Paper
22 March 2010 Anatomy guided automated SPECT renal seed point estimation
Author Affiliations +
Abstract
Quantification of SPECT(Single Photon Emission Computed Tomography) images can be more accurate if correct segmentation of region of interest (ROI) is achieved. Segmenting ROI from SPECT images is challenging due to poor image resolution. SPECT is utilized to study the kidney function, though the challenge involved is to accurately locate the kidneys and bladder for analysis. This paper presents an automated method for generating seed point location of both kidneys using anatomical location of kidneys and bladder. The motivation for this work is based on the premise that the anatomical location of the bladder relative to the kidneys will not differ much.

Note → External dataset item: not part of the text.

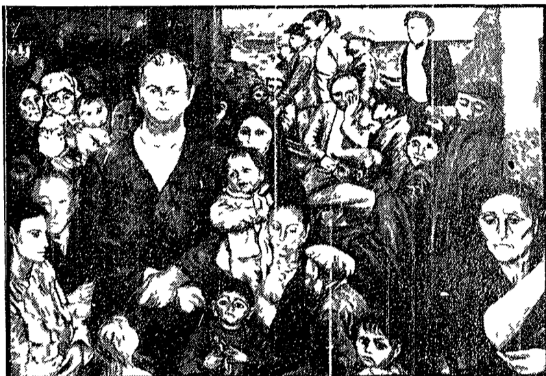
Danilo Dolci ritratto fra i proletari meridionali nel quadro « Le parole sono pietre » di Carlo Levi dipinto nel 1956

Il poema è stato scritto per la radio che funzionò dal 25 al 26 marzo di quest'anno, per iniziativa del Centro Studi diretto dal sociologo e poeta della non violenza a Partinico

A model is generated based on manual segmentation of the bladder and both the kidneys on 10 patient datasets (including sum and max images). Centroid is estimated for manually segmented bladder and kidneys. Relatively easier bladder segmentation is followed by feeding bladder centroid coordinates into the model to generate seed point for kidneys. Percentage error observed in centroid coordinates of organs from ground truth to estimated values from our approach are acceptable. Percentage error of approximately 1%, 6% and 2% is observed in X coordinates and approximately 2%, 5% and 8% is observed in Y coordinates of bladder, left kidney and right kidney respectively. Using a regression model and the location of the bladder, the ROI generation for kidneys is facilitated. The model based seed point estimation will enhance the robustness of kidney ROI estimation for noisy cases.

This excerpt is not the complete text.